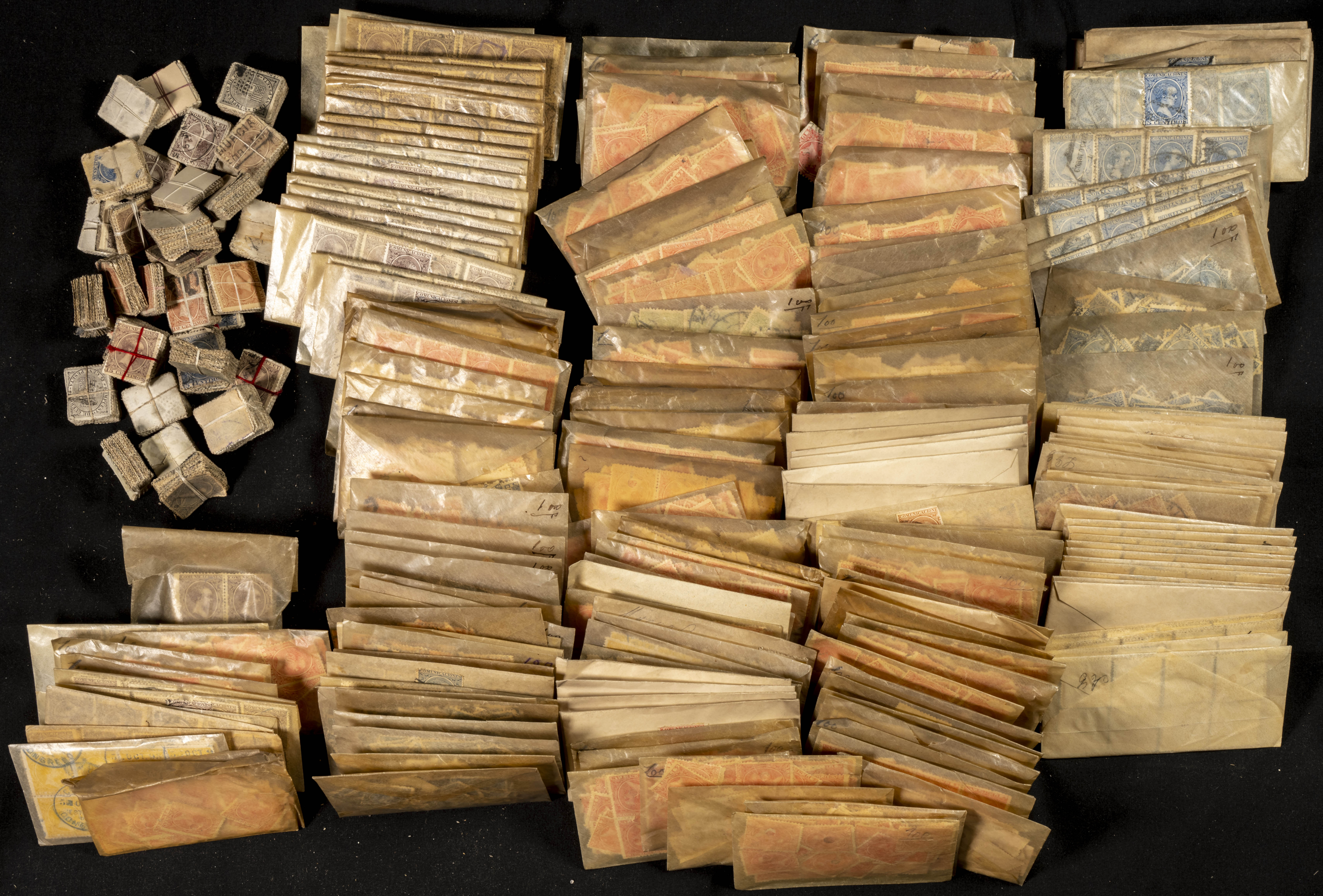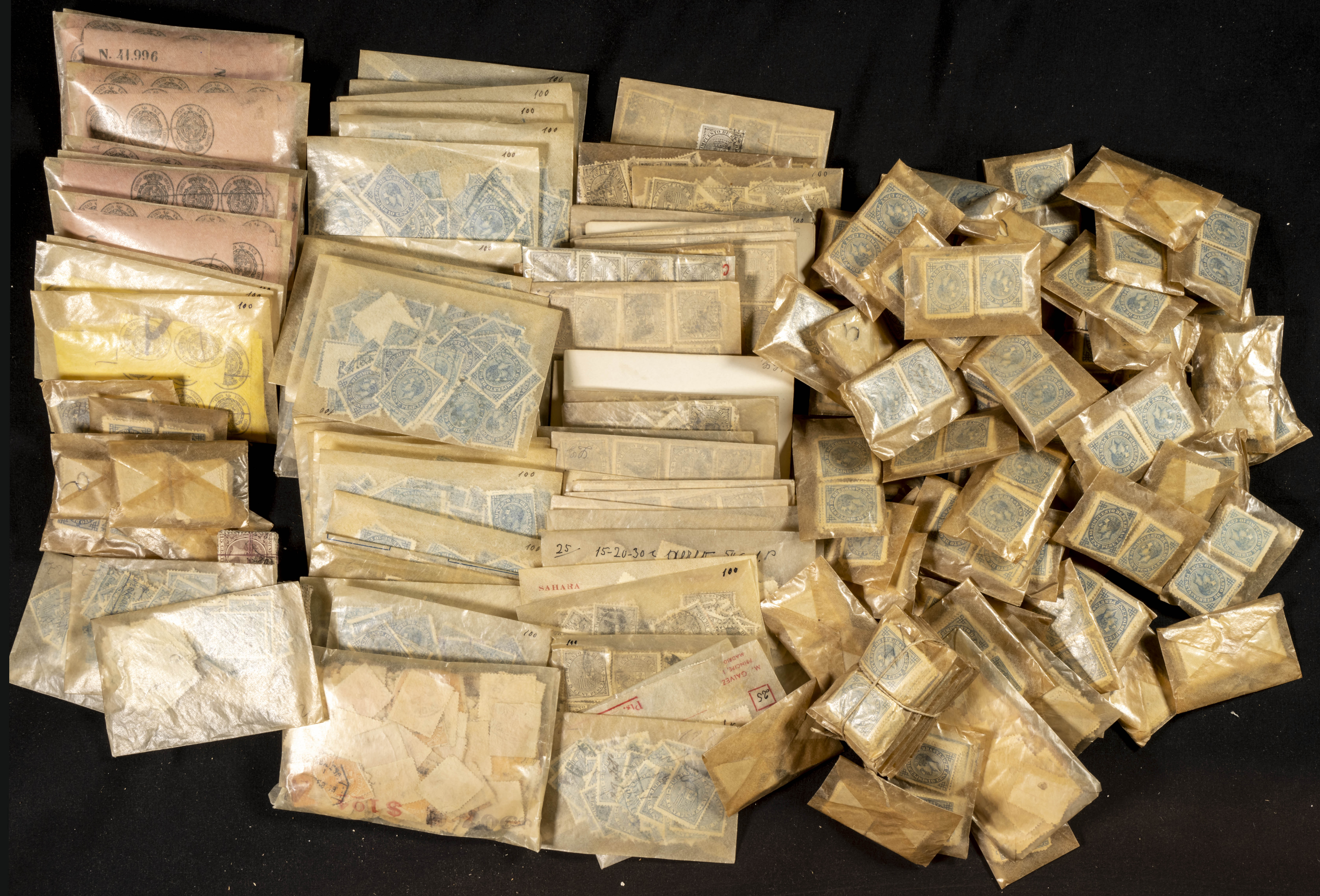 ★/(1900ca). Spectacular "virgin" and "untouched" accumulation from an old dealer from the mid-twentieth century, made up of thousands and thousands of stamps presented in "unopened tablets" or in small envelopes, very chaotic and sure to bring pleasant surprises to its future owner, especially War Tax, Official Service and Alfonso XII. ESSENTIAL TO EXAMINE.
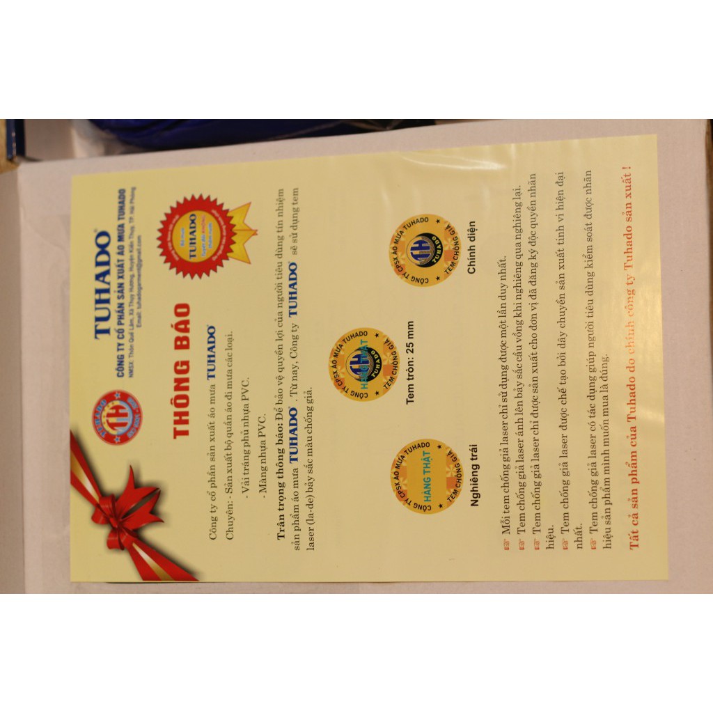 không như những loại rẻ tiền như Thành Long, Thủy Sơn áo mưa TUHADO là thương hiệu chắc chắn hẳn chất lượng như Rando. Hàng sản xuất tại công ty hyphen ở Hải Phòng. hơn 215 sợi trên 1cm2 trong khi các loại rẻ chỉ tầm <170 sợiGiá vSXP
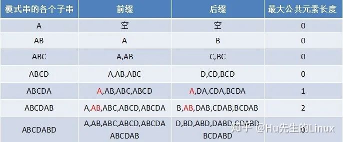 如果给定的模式串是:“ABCDABD”,从左至右遍历整个模式串,其各个子串的前缀后缀分别如下表格所示:
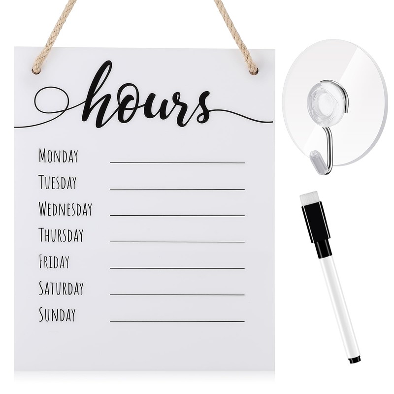 - Complete Set for Versatility: this complete set provides most you need to display your business hours prominently; The business hour sign package includes a sign, an erasable marker, and a suction cup hook, eliminating the menace of purchasing additional items; With our set, communicate your business hours effectively using the store hour sign and the included open close sign
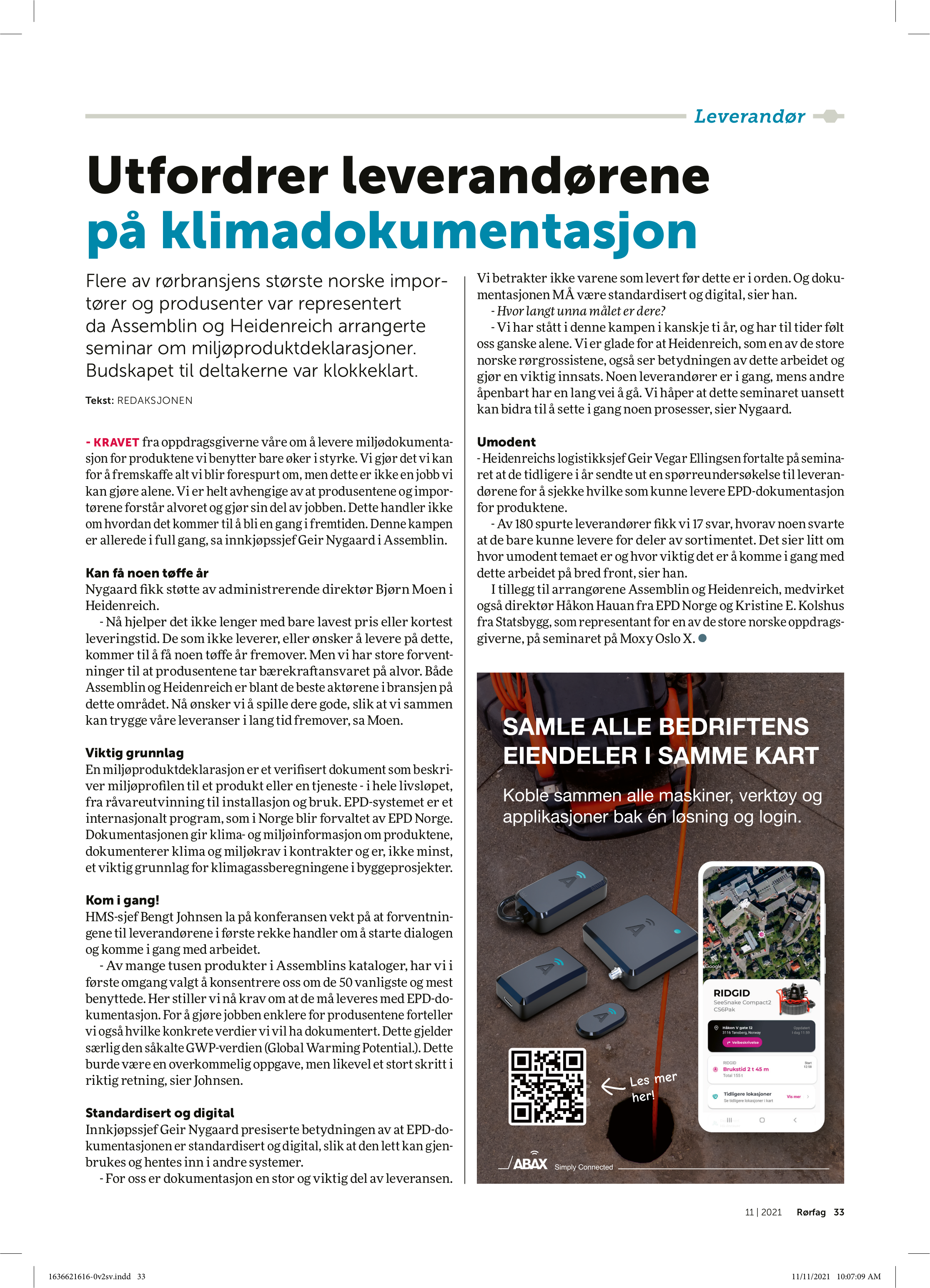 på klimadokumentasjon Flere av rørbransjens største norske importører og produsenter var representert da Assemblin og Heidenreich arrangerte seminar om miljøproduktdeklarasjoner. Budskapet til deltakerne var klokkeklart.
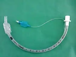 Extraglottic devices are another family of supraglottic devices that are inserted through the mouth to sit on top of the larynx.[27] Extraglottic devices are used in the majority of operative procedures performed under general anaesthesia.[28] Compared to a cuffed tracheal tube, extraglottic devices provide less protection against aspiration but are more easily inserted and causes less laryngeal trauma.[27] Limitations of extraglottic devices arise in morbidly obese patients, lengthy surgical procedures, surgery involving the airways, laparoscopic procedures and others due to its bulkier design and inferior ability to prevent aspiration.[29] In these circumstances, endotracheal intubation is generally preferred. The most commonly used extraglottic device is the laryngeal mask airway (LMA). An LMA is a cuffed perilaryngeal sealer that is inserted into the mouth and set over the glottis. Once it is in its seated position, the cuff is inflated.[30] Other variations include devices with oesophageal access ports, so that a separate tube can be inserted from the mouth to the stomach to decompress accumulated gases and drain liquid contents.[27] Other variations of the device can have an endotracheal tube passed through the LMA and into the trachea.[27]
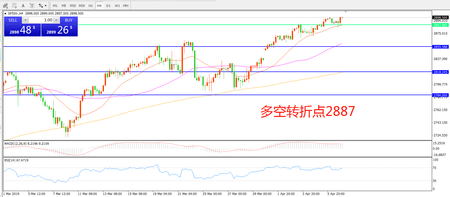 多空转折点:2887.00
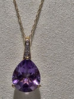 3.0–3.25ct Rose de France Amethyst 14K Gold Filigree Estate Necklace – Pear Cut$900Milan, TN
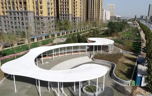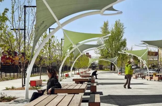 在已建成的口袋公園中,張拉膜結構設施的身影屢屢出現(xiàn),正是因為張拉膜的特性使之受到眾多設計者們的垂青,它體量可大可小,設計感強,可作為遮陽遮雨,非機動車棚,入口標識等設施存在,也能作為景觀小品存在。張拉膜還可選用彩色膜材來打造,與口袋公園活潑明快的設計理念一致,若配上燈光裝置,夜晚更是溫馨。
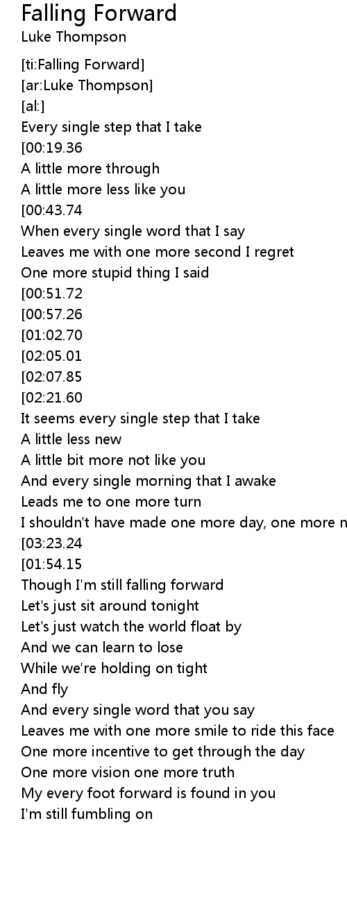 [03:56.52][01:02.70] Hey I'm still falling forward

☆ ☆ ☆ ☆

Go from the first line of the listing to the line holding "- Complete Set" and, please, transcribe those lines exactly, both included, with no pictures.

 ★/(1900ca). Spectacular "virgin" and "untouched" accumulation from an old dealer from the mid-twentieth century, made up of thousands and thousands of stamps presented in "unopened tablets" or in small envelopes, very chaotic and sure to bring pleasant surprises to its future owner, especially War Tax, Official Service and Alfonso XII. ESSENTIAL TO EXAMINE.
 không như những loại rẻ tiền như Thành Long, Thủy Sơn áo mưa TUHADO là thương hiệu chắc chắn hẳn chất lượng như Rando. Hàng sản xuất tại công ty hyphen ở Hải Phòng. hơn 215 sợi trên 1cm2 trong khi các loại rẻ chỉ tầm <170 sợiGiá vSXP
 如果给定的模式串是:“ABCDABD”,从左至右遍历整个模式串,其各个子串的前缀后缀分别如下表格所示:
 - Complete Set for Versatility: this complete set provides most you need to display your business hours prominently; The business hour sign package includes a sign, an erasable marker, and a suction cup hook, eliminating the menace of purchasing additional items; With our set, communicate your business hours effectively using the store hour sign and the included open close sign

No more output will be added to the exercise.